#### [What is expected]
From the records that follow, return exactly the lines beginning at the one that contains "Afra x DeFacto" and ending at the one that contains "Надувной круг для плавания", pictures left out.

#### [Available data]
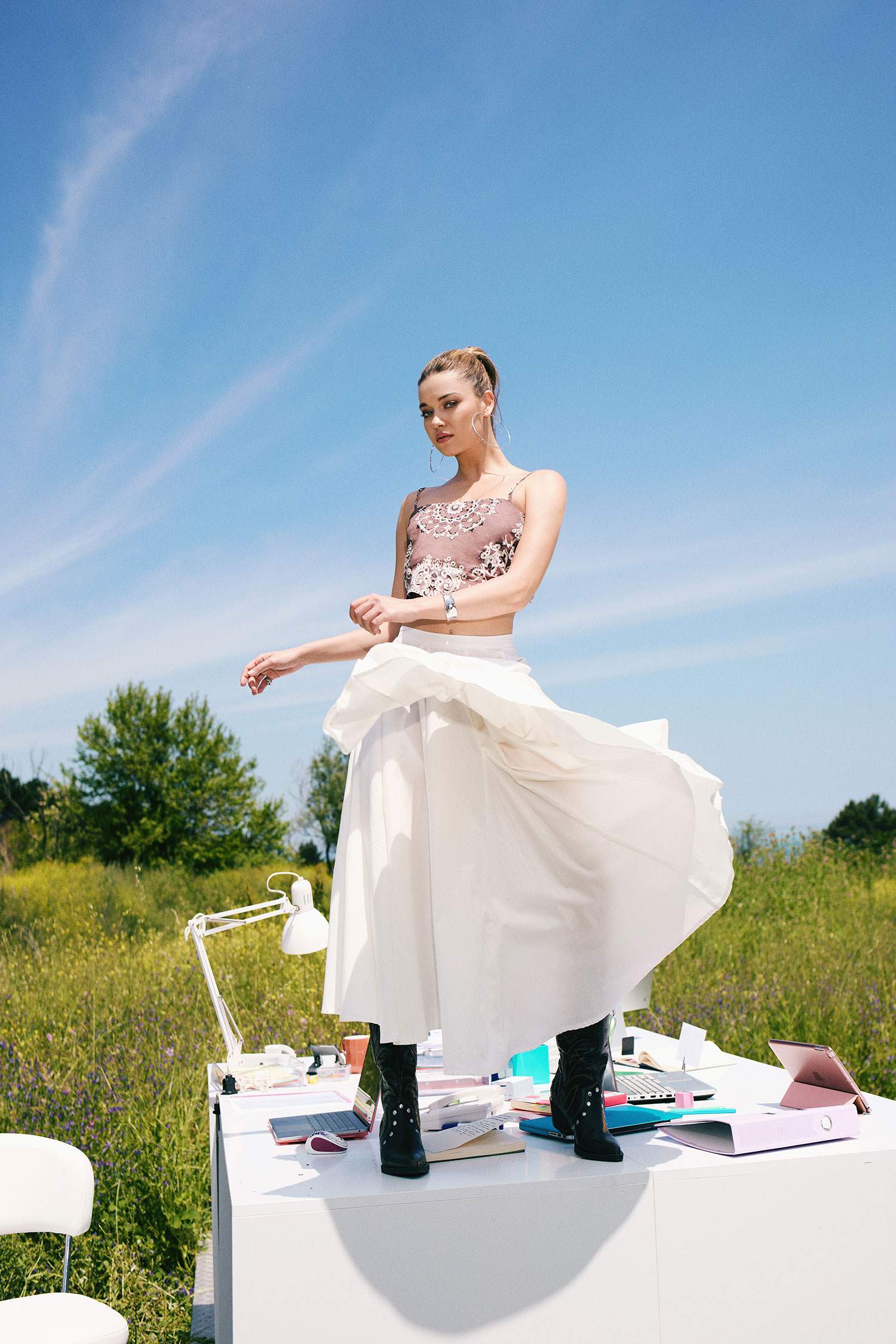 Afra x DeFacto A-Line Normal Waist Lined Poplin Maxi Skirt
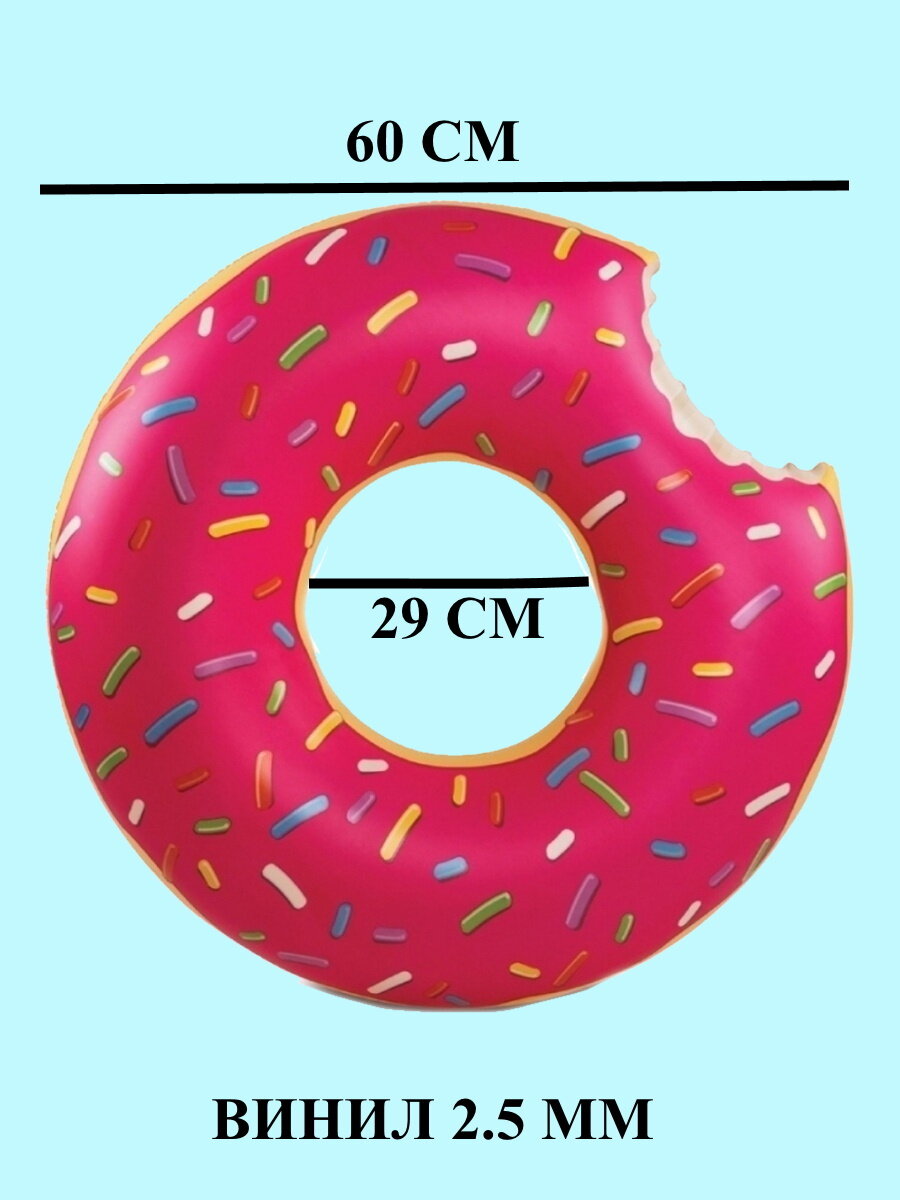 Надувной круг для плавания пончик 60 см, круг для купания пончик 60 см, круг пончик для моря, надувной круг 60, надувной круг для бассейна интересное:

* * *

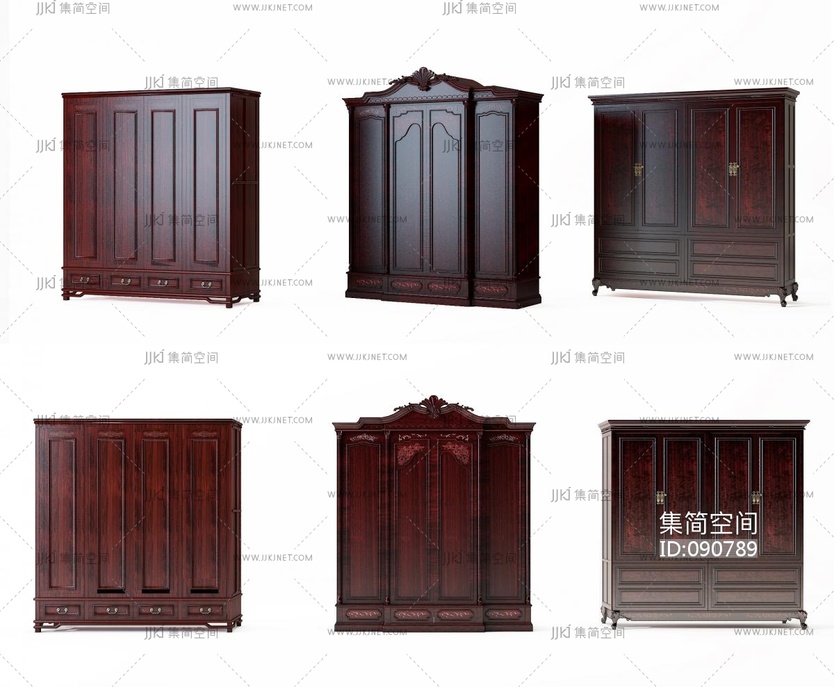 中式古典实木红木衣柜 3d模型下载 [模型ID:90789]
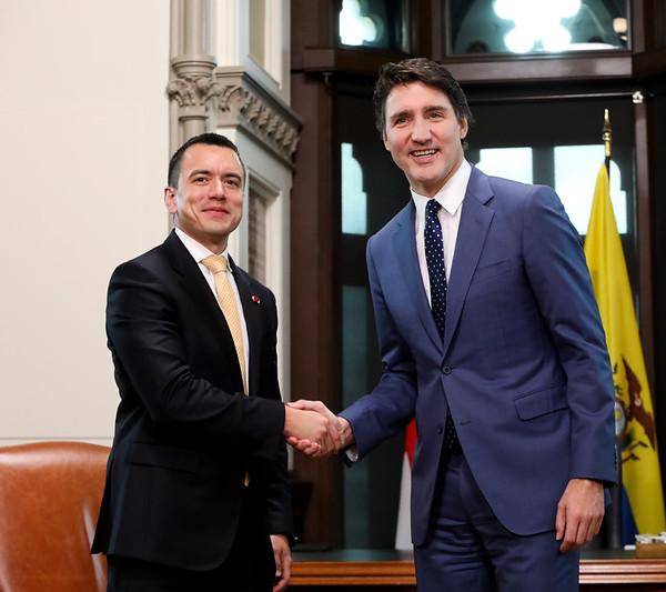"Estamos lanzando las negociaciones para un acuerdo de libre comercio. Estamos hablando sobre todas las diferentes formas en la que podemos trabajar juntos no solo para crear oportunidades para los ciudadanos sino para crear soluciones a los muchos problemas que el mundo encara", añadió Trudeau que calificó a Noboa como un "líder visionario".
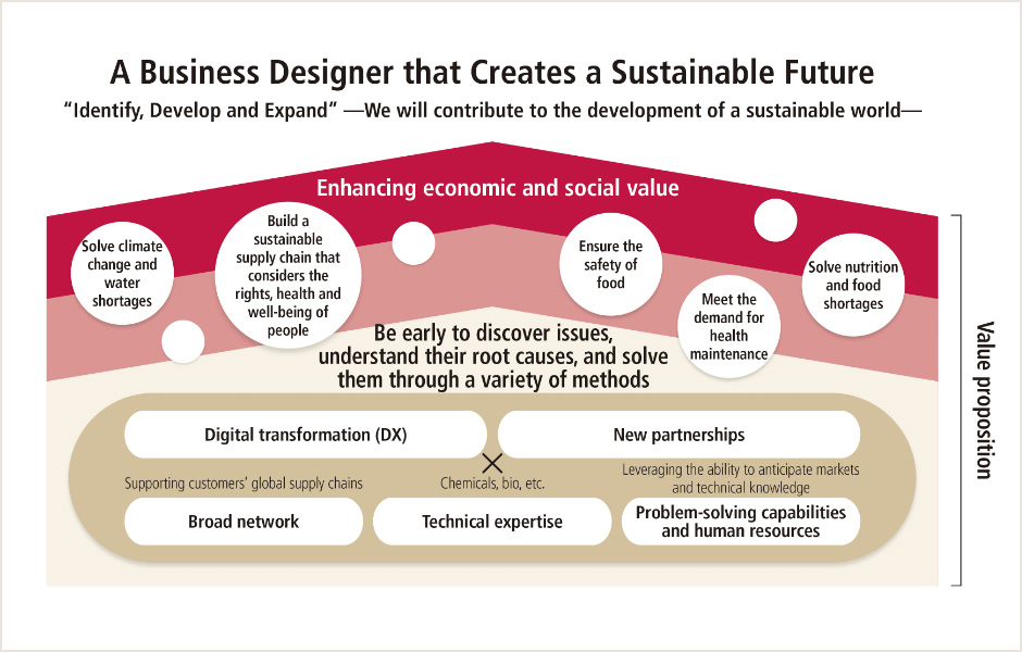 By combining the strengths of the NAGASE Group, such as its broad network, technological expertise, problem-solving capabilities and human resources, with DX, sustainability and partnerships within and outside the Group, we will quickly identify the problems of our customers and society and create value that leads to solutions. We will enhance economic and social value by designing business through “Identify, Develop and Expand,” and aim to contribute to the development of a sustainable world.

--

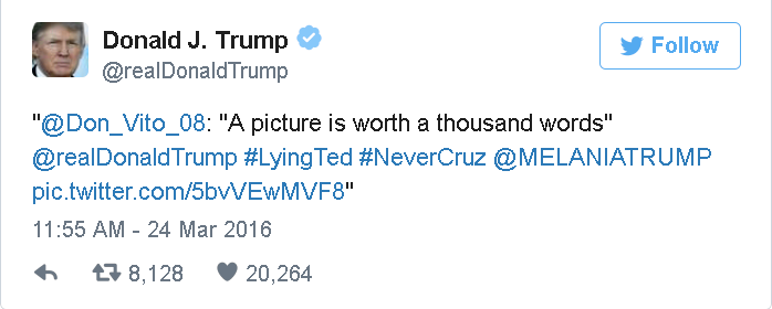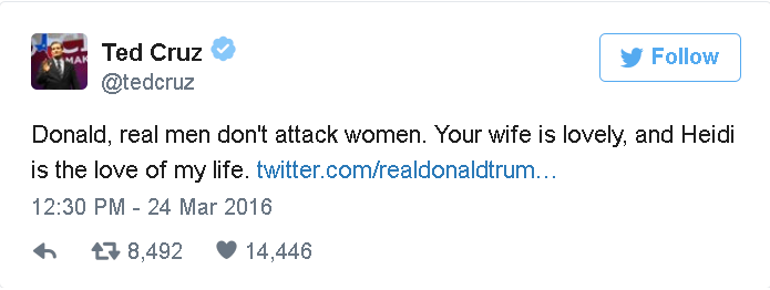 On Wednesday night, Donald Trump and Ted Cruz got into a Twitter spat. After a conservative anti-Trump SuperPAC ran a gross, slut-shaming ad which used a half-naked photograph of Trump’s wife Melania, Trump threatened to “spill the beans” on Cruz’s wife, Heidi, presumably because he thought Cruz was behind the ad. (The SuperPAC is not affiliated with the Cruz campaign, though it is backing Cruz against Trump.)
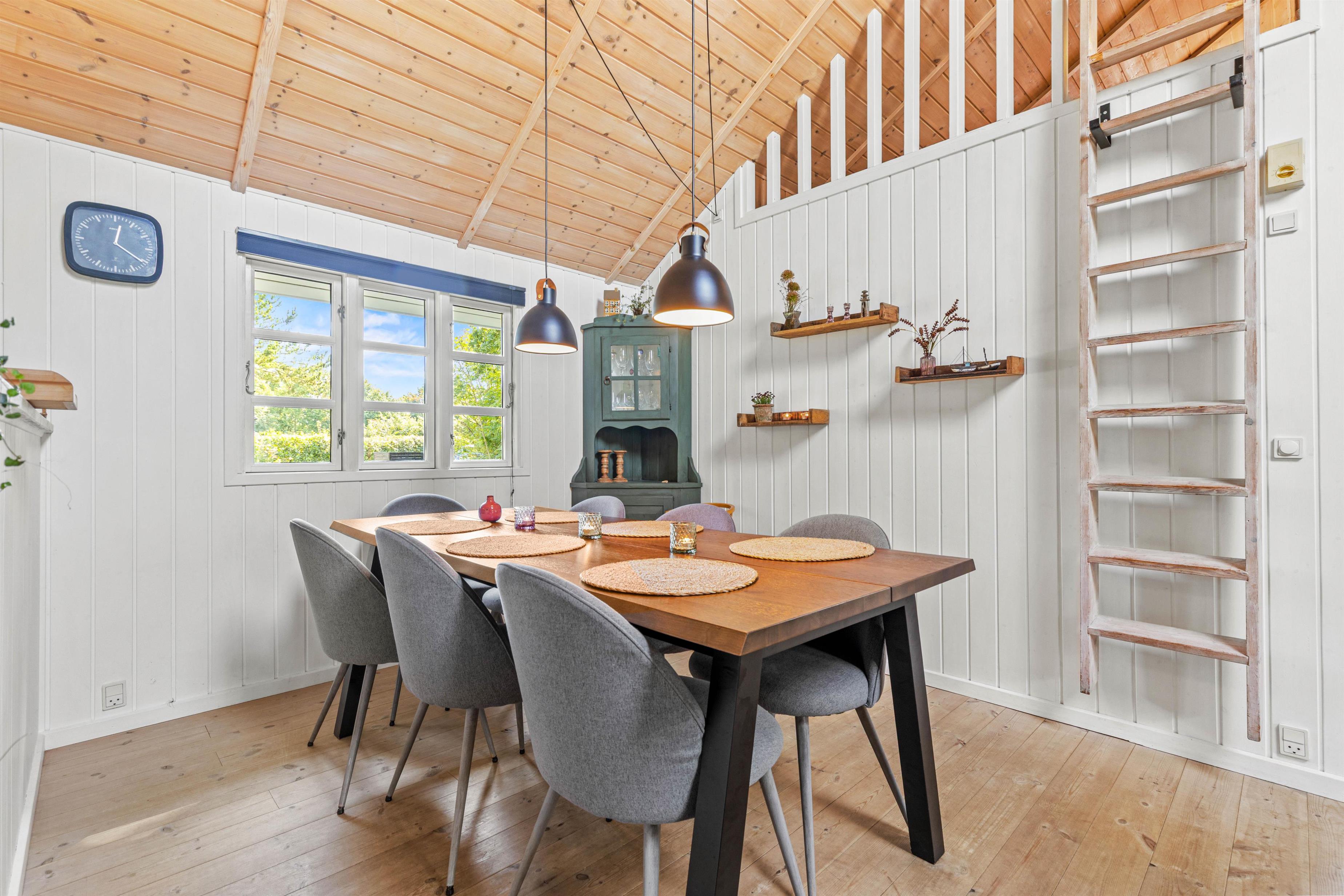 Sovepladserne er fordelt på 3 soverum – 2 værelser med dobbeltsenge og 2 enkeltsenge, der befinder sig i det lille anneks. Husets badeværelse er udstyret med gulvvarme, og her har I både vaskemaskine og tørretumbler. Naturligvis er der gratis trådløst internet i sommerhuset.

#### [Your solution]
 Afra x DeFacto A-Line Normal Waist Lined Poplin Maxi Skirt
 Надувной круг для плавания пончик 60 см, круг для купания пончик 60 см, круг пончик для моря, надувной круг 60, надувной круг для бассейна интересное:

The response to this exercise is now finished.